* WHAT IS NEEDED
Once the pictures are removed, return each record below exactly as written.

* SOURCE DATA
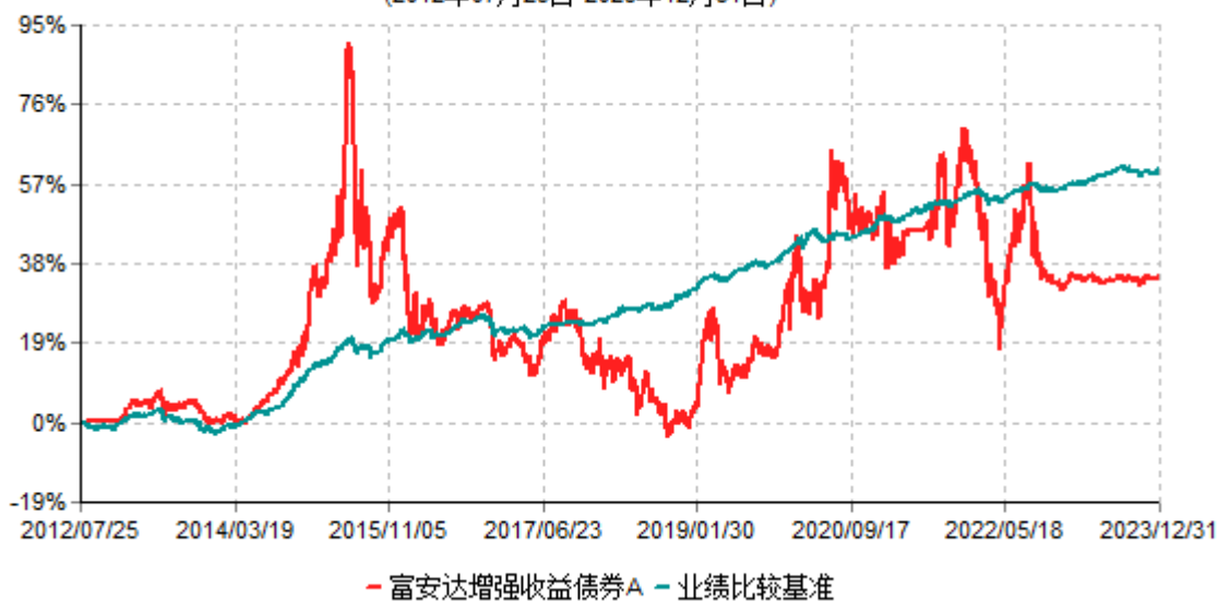
富安达增强收益债券A累计净值增长率与业绩比较基准收益率历史走势对比图 (2012年07月25日-2023年12月31日)
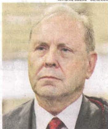
ANNIBAL: chance de conciliação
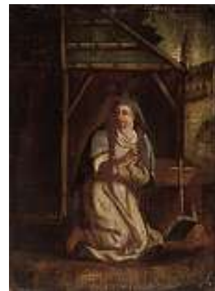
1470 DEUTSCHE SCHULE 18. JH. Reuige Maria Magdalena Öl auf Holz, 26 x 18,5 cm CHF 500 / 600.– EUR 325 / 385.–
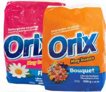
DETERGENTE EN POLVO ORIX 900 GRs. (PRIMAVERAL/BOUQUET) $115.00
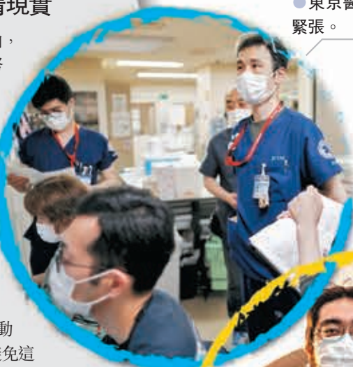
●東京醫療系統緊張。
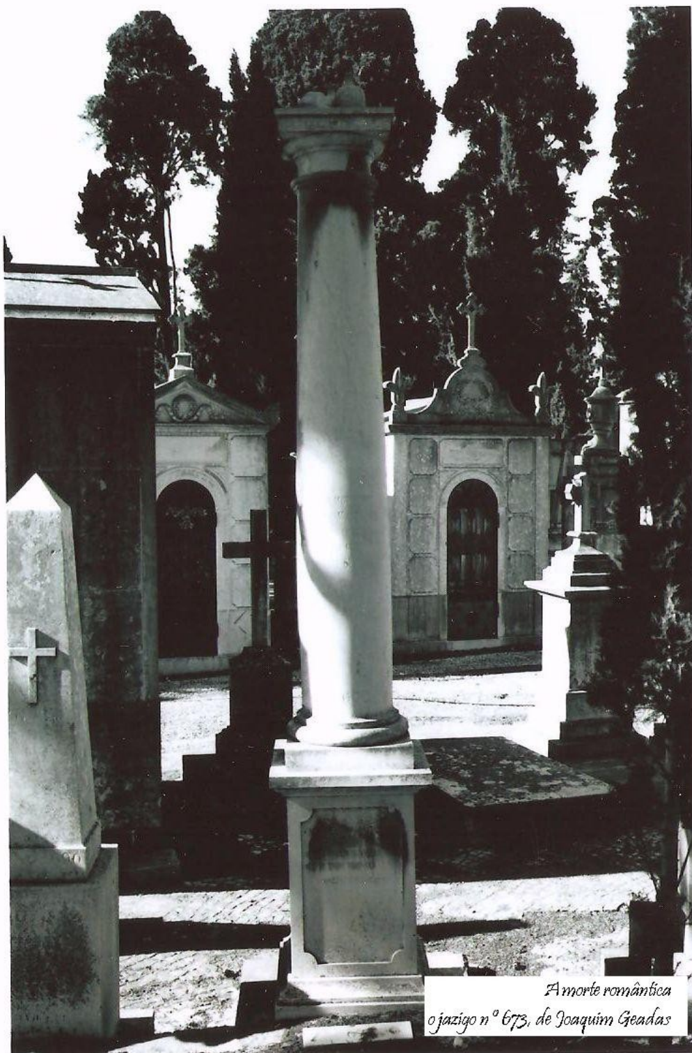
Amorte romântica o jazigo n.º 673, de Joaquim Geadas
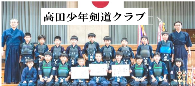
高田少年剣道クラブ

高田少年剣道クラブは、「第48回熊本県剣道道場連盟少年剣道錬成大会（6/3合志市総合体育館）」において、決勝トーナメントに進出し、見事、県代表となり全国大会出場を決めました。
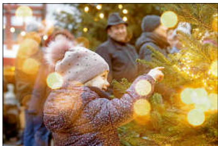
Sulgerner Advent

Nach dem gelungenen Auftakt öffnet der neue Sulgerner Advent auch am zweiten Adventswochenende seine Hütten im Oberamteihof. Das neue Adventsformat ersetzt das frühere Weihnachtsdorf auf dem Marktplatz und schafft – gemeinsam mit Schulen, Vereinen, Gastronomie und engagierten Bürgerinnen und Bürgern – einen persönlichen und atmosphärischen Rahmen für die Vorweihnachtszeit.
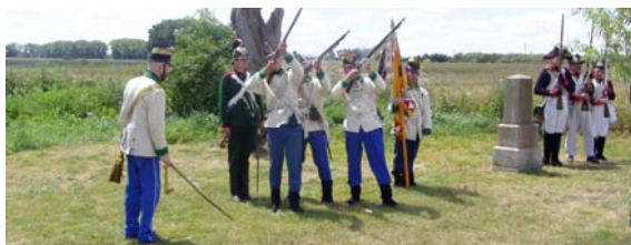
Dne 15. července se konala oslava 140. výročí Bitvy u Tovačova

ZO Českého svazu žen tuto cestou děkuje všem, kteří svými dary přispěli ke zdárné oslavě dětského dne v Klopotovících.

* RESPONSE TO THE EXERCISE
富安达增强收益债券A累计净值增长率与业绩比较基准收益率历史走势对比图 (2012年07月25日-2023年12月31日)
ANNIBAL: chance de conciliação
1470 DEUTSCHE SCHULE 18. JH. Reuige Maria Magdalena Öl auf Holz, 26 x 18,5 cm CHF 500 / 600.– EUR 325 / 385.–
DETERGENTE EN POLVO ORIX 900 GRs. (PRIMAVERAL/BOUQUET) $115.00
●東京醫療系統緊張。
Amorte romântica o jazigo n.º 673, de Joaquim Geadas
高田少年剣道クラブ

高田少年剣道クラブは、「第48回熊本県剣道道場連盟少年剣道錬成大会（6/3合志市総合体育館）」において、決勝トーナメントに進出し、見事、県代表となり全国大会出場を決めました。
Sulgerner Advent

Nach dem gelungenen Auftakt öffnet der neue Sulgerner Advent auch am zweiten Adventswochenende seine Hütten im Oberamteihof. Das neue Adventsformat ersetzt das frühere Weihnachtsdorf auf dem Marktplatz und schafft – gemeinsam mit Schulen, Vereinen, Gastronomie und engagierten Bürgerinnen und Bürgern – einen persönlichen und atmosphärischen Rahmen für die Vorweihnachtszeit.
Dne 15. července se konala oslava 140. výročí Bitvy u Tovačova

ZO Českého svazu žen tuto cestou děkuje všem, kteří svými dary přispěli ke zdárné oslavě dětského dne v Klopotovících.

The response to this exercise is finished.